Exercise description: Reproduce the listing in its entirety. Do not reproduce the pictures.

Given material:
┄┄┄┄┄┄┄┄┄┄┄┄┄┄┄┄┄┄┄┄

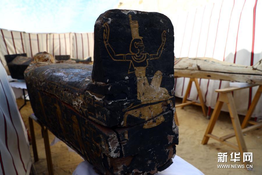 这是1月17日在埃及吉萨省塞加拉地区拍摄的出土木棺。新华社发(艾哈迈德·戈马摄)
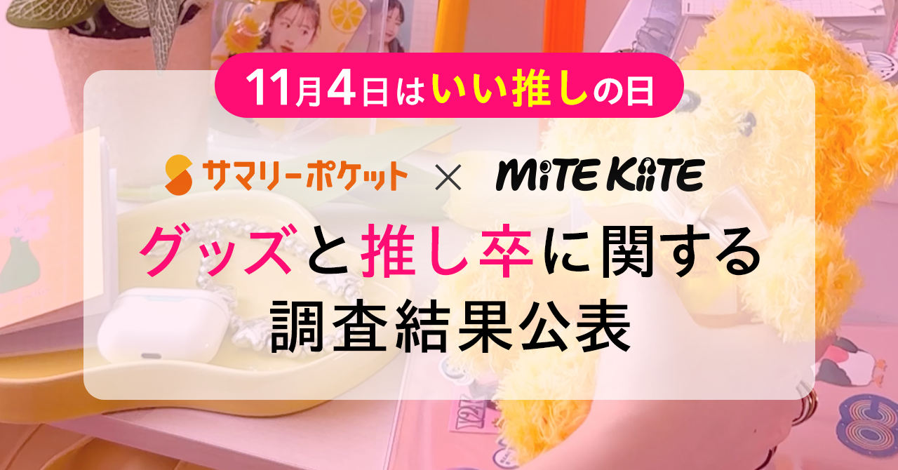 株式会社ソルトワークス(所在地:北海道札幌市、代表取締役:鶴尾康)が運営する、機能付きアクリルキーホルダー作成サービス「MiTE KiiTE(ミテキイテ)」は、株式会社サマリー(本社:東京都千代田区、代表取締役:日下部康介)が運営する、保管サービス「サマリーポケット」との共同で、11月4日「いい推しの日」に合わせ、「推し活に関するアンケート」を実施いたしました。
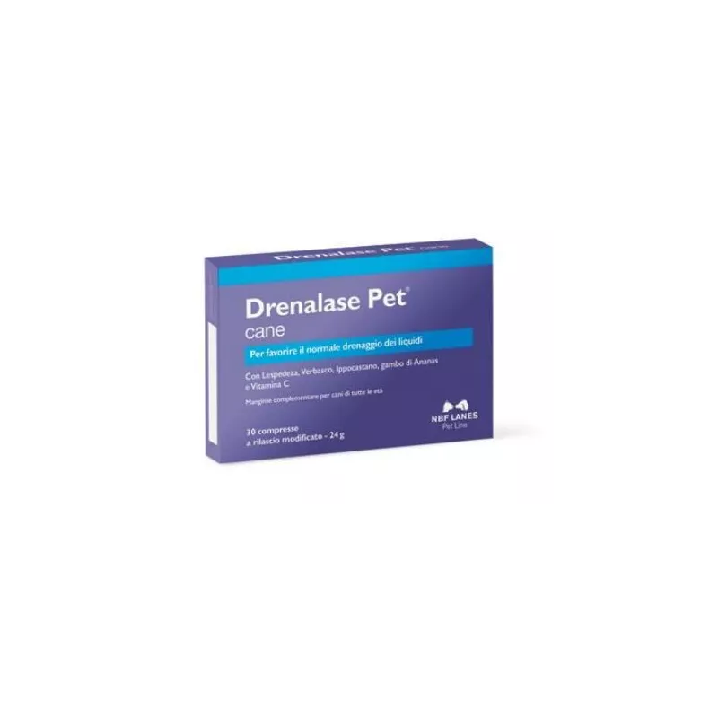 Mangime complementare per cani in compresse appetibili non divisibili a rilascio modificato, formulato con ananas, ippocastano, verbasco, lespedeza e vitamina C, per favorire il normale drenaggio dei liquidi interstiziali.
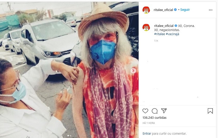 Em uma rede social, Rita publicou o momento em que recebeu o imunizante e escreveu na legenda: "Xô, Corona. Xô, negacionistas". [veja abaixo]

┄┄┄┄┄┄┄┄┄┄┄┄┄┄┄┄┄┄┄┄

Task solution:
 这是1月17日在埃及吉萨省塞加拉地区拍摄的出土木棺。新华社发(艾哈迈德·戈马摄)
 株式会社ソルトワークス(所在地:北海道札幌市、代表取締役:鶴尾康)が運営する、機能付きアクリルキーホルダー作成サービス「MiTE KiiTE(ミテキイテ)」は、株式会社サマリー(本社:東京都千代田区、代表取締役:日下部康介)が運営する、保管サービス「サマリーポケット」との共同で、11月4日「いい推しの日」に合わせ、「推し活に関するアンケート」を実施いたしました。
 Mangime complementare per cani in compresse appetibili non divisibili a rilascio modificato, formulato con ananas, ippocastano, verbasco, lespedeza e vitamina C, per favorire il normale drenaggio dei liquidi interstiziali.
 Em uma rede social, Rita publicou o momento em que recebeu o imunizante e escreveu na legenda: "Xô, Corona. Xô, negacionistas". [veja abaixo]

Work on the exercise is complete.